One relevant source for Dark Data is found in network transactions. By doing a careful examination of the network traffic and reconstruction of the conversations, hidden metrics can be non-intrusively recovered.

Datumize Data Dumper (DDD) is a Datumize product aimed at capturing network packets very efficiently at a deep operating system level with minimal-to-no packet loss. It usually works in combination with DDC; DDD manages the segmentation, filtering and temporary persistence of network packets in PCAP files, while DDC efficiently picks-up the segmented files to deliver the further processing. The diagram below represents DDD in action, receiving network packets from the operating systems, capturing, filtering and structuring the output into binary files that will be later processed by Datumize Data Collector (DDC).

Technology

Datumize Data Dumper is a software component that uses tcplib and tcpdump for capturing network packets while in memory of the operating system, apply some filters to select just the traffic needed, and store in packets in PCAP files minimizing the overall packet loss. Some important concepts to keep in mind: 

  • libpcap: library used to intercept packets at operating system level, open source.

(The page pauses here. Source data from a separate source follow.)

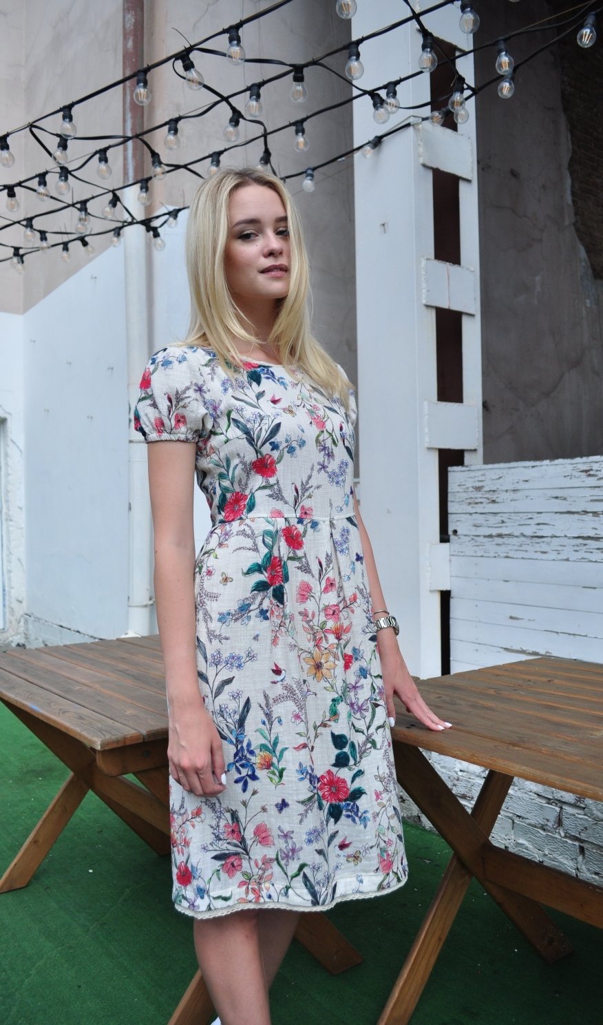 Очаровательное платье из смеси хлопка и льна вызовет у вас бурю приятных эмоций - это любовь с первого прикосновения, с первого взгляда и первой пуговицы.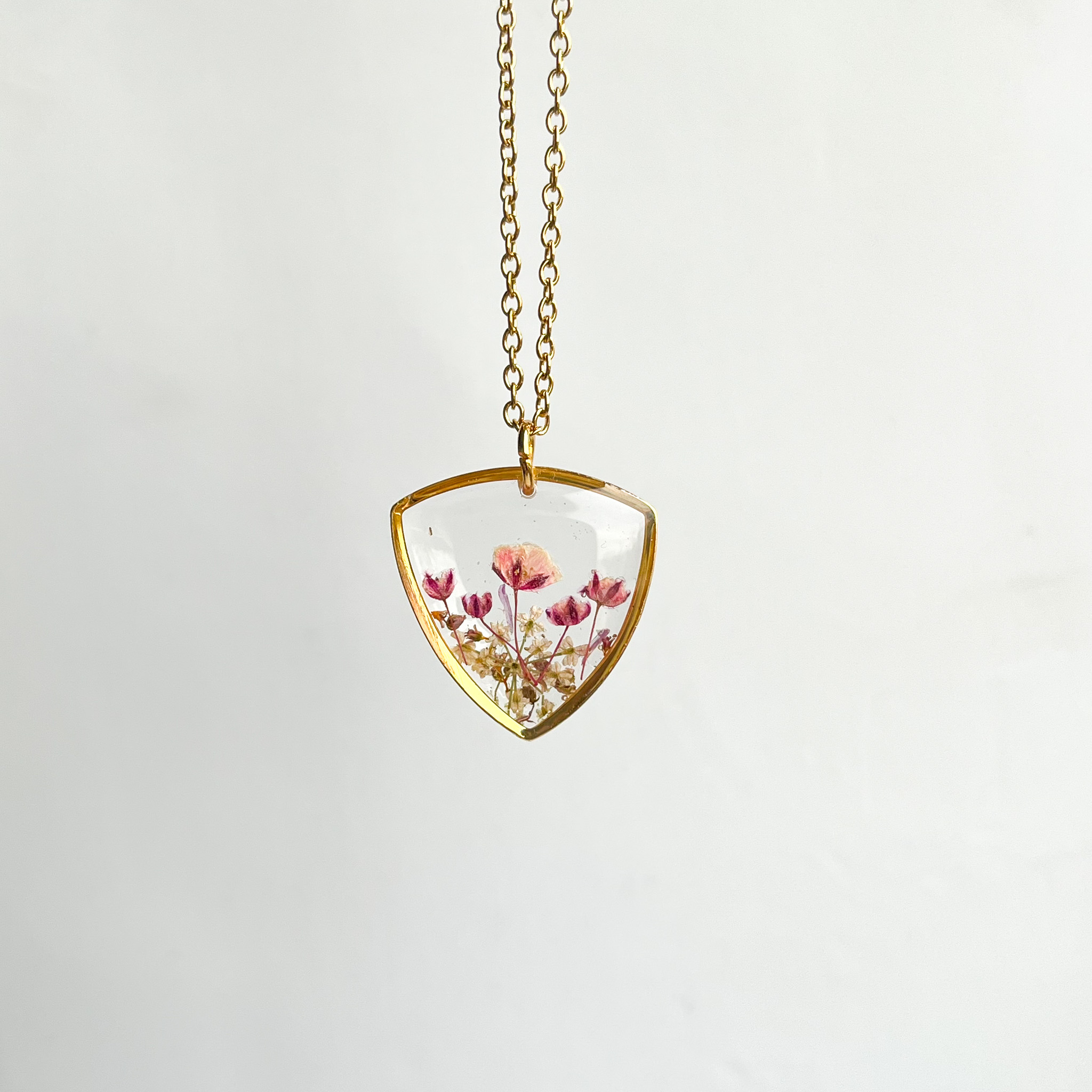 Trójkątny, złoty naszyjnik z różową łąką na przezroczystym tle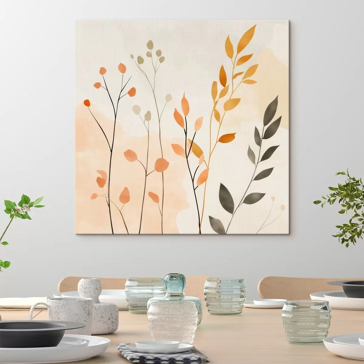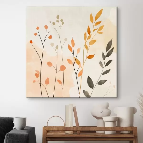 Wandbilder Pastellkomposition mit zartem Blattwerk in einem zeitgenössischen Malstil Art. s48873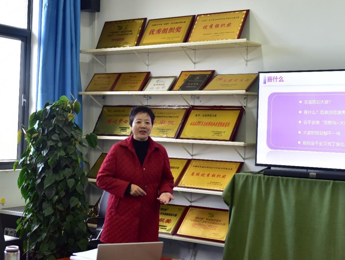 为了不断提高我校就业工作队伍的生涯教育水平,进一步健全就业指导服务体系,有效提升大学生学业与职业规划能力,11月22日,就业处处长李红在大学生活动中心312室为就业工作队伍全体教师进行了培训辅导,从大赛目标、组织以及当下进展等方面展开讲解,覆盖大赛赛道分析、报名注意事项、评审标准剖析、参赛建议、指导细节等内容。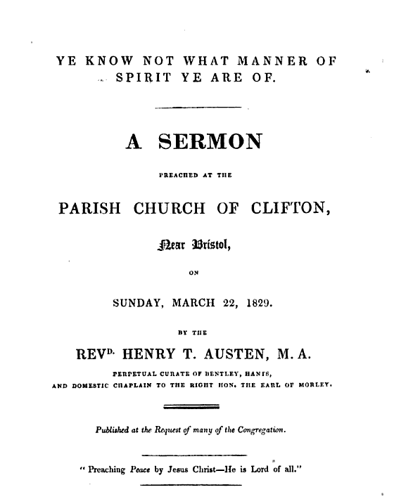Henry Austen’s sermon: “Ye Know Not What Manner of Spirit Ye Are of.”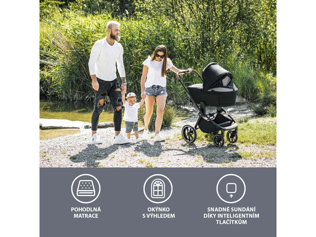 poloze, a rodič poté pohodlně pomocí madla sejme korbu z podvozku.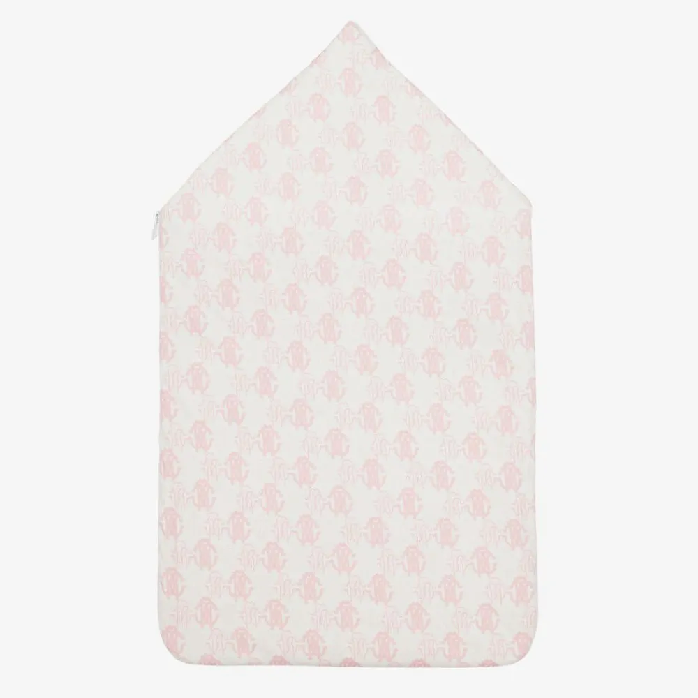 Roberto Cavalli Nests*Ivory & Pink Cotton Monogram Baby Nest (73cm)

It works on the user space and works very well from a software perspective. If you need to capture extreme bandwidth, either you go for dedicated hardware (appliance) or use different libraries working at the kernel space; Datumize uses this approach because you can run libpcap in multiple standard operating systems.
  • tcpdump: a very handy capture, filter and store program, open source (releases). Wrapped within DDD with extra goodies.
  • BNF filter: the network filtering syntax, extremely flexible and powerful. Using the Berkeley Packet Filter (BPF) syntax.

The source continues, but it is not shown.